When using mutexes, it s important to minimize the amount of work done in the critical section to what really needs to be done. Since other threads will block until a mutex is unlocked, minimizing the critical section time can lead to better performance.

Thread Condition Variables

Now that we have mutexes out of the way, let s explore condition variables. A condition variable is a special thread construct that allows a thread to wake up another thread based upon a condition. While mutexes provide a simple form of synchronization (based upon the lock status of the mutex), condition variables are a means for one thread to wait for an event and another to signal it that the event has occurred. An event can mean anything here. A thread blocks on a mutex but can wait on any condition variable. Think of them as wait queues, which is exactly what the implementation does in GNU/Linux.

Consider this problem of a thread awaiting a particular condition being met. With only mutexes, the thread would have to poll to acquire the mutex, check the condition, and then release the mutex if there was no work to do (the condition wasn t met). That kind of busy looping can lead to poor performing applications and should therefore be avoided.

The pthreads API provides a number of functions supporting condition variables. These functions provide condition variable creation, waiting, signaling, and destruction.

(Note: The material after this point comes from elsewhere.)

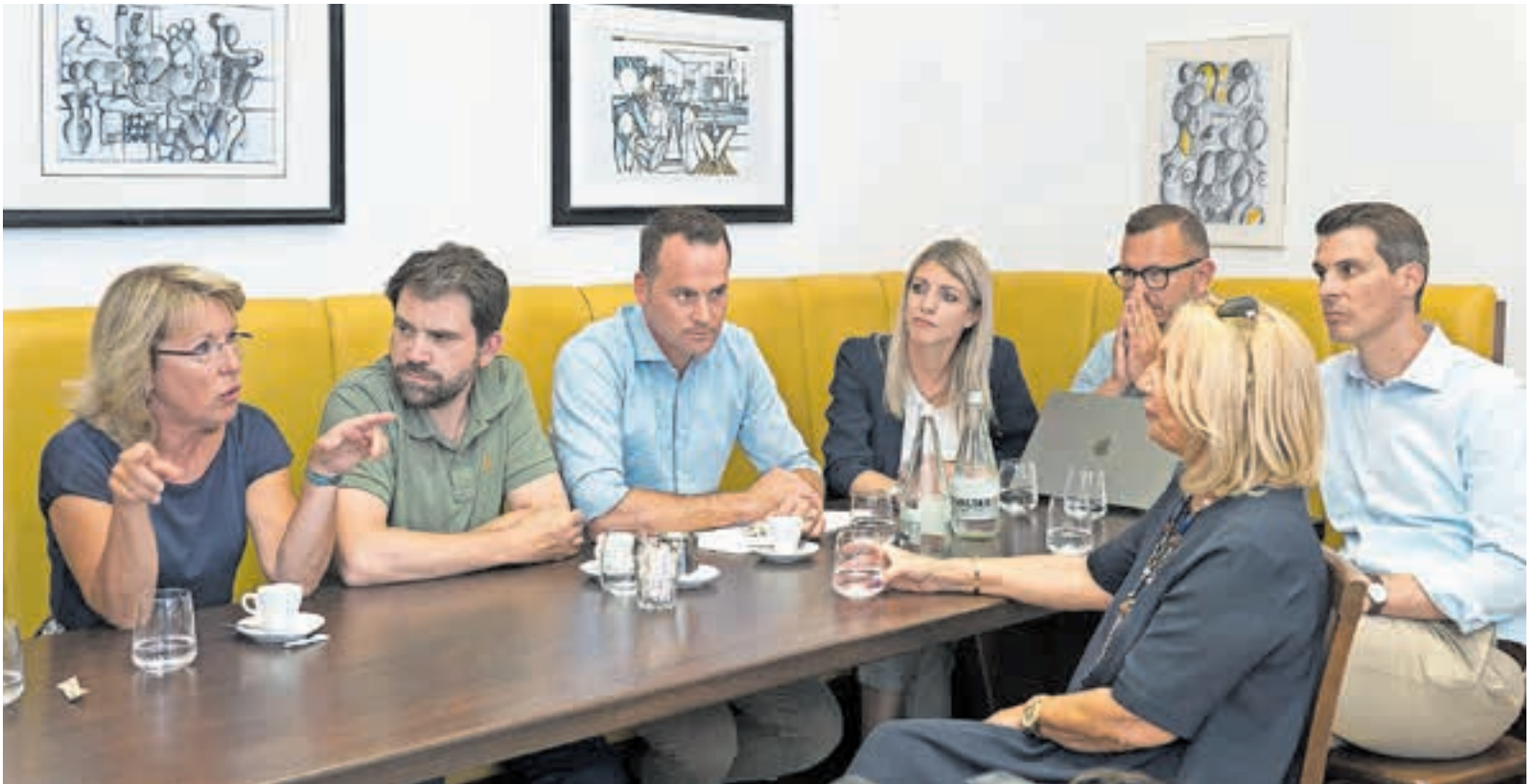
Eine namhafte FDP-Delegation tauschte sich in Chiasso mit den Lokalbehörden aus.

Mit der Aufnahme von über 60 000 Ukraine-Flüchtlingen hat die Schweiz seit März 2022 einen Kraftakt vollbracht und das Asylsystem vor einer Überlastung verschont. Der Schutzstatus S wurde erstmals aktiviert und hat sich weitgehend bewährt. Die FDP setzt sich dafür ein, dass der Schutzstatus S weiterhin rückkehrorientiert ausgestaltet und gegebenenfalls angepasst wird. Ein wichtiges Instrument sind auch Migrationspartnerschaften. Die FDP fordert eine Neuausrichtung, weil Migrationspartnerschaften helfen, Migration und Rückführungen besser zu steuern. Auf europäischer Ebene laufen derzeit Bestrebungen, den Migrationspakt zu reformieren. Die FDP hat eine Reihe von Fragen an den Bundesrat gestellt und will wissen, wie Schweizer Anliegen dort eingebracht werden können.

The condition variable API functions are presented below:

 int  pthread_cond_wait  (pthread_cond_t *cond,                            pthread_mutex_t *mutex);     int  pthread_cond_timedwait  (pthread_cond_t *cond,                                 pthread_mutex_t *mutex,                                 const struct timespec *abstime);     int  pthread_cond_signal  (pthread_cond_t *cond);     int  pthread_cond_broadcast  (pthread_cond_t *cond);     int  pthread_cond_destroy  (pthread_cond_t *cond); 

To create a condition variable, we simply create a variable of type pthread_cond_t . We initialize this by setting it to PTHREAD_COND_INITIALIZER (similar to mutex creation and initialization). This is demonstrated as:

 pthread_cond_t recoveryCond = PTHREAD_COND_INITIALIZER; 

Condition variables require the existence of a mutex that is associated with them, which we create as before:

 pthread_mutex_t recoveryMutex = PTHREAD_MUTEX_INITIALIZER; 

Now let s look at a thread awaiting a condition. In this example, let s say we have a thread whose job is to warn of overload conditions. Work comes in on a queue, with an accompanying counter identifying the amount of work to do. When the amount of work exceeds a certain value ( MAX_NORMAL_WORKLOAD ), then our thread should wake up and perform a recovery. Our fault thread for synchronizing with the alert thread is illustrated as:

 /* Fault Recovery Thread Loop */     while (1) {       assert(  pthread_mutex_lock  (&recoveryMutex) == 0);       while (workload < MAX_NORMAL_WORKLOAD) {  pthread_cond_wait  (&recoveryCond, &recoveryMutex);       }       /**/       /* Recovery Code. */       /**/       assert(  pthread_mutex_unlock  (&recoveryMutex) == 0);     } 

This is the standard pattern when dealing with condition variables. We start by locking the mutex, entering pthread_cond_wait , and upon waking up from our condition, unlocking the mutex. The mutex must be locked first because upon entry to pthread_cond_wait , the mutex is automatically unlocked. When we return from pthread_cond_wait , the mutex has been reacquired, meaning that we ll need to unlock it afterward. The mutex is necessary here to handle race conditions that exist in this call sequence. To ensure that our condition is met, we loop around the pthread_cond_wait , and if the condition is not satisfied (in this case, our workload is normal), then we reenter the pthread_cond_wait call. Note that since the mutex is locked upon return from pthread_cond_wait , we don t need to call pthread__mutex_lock here.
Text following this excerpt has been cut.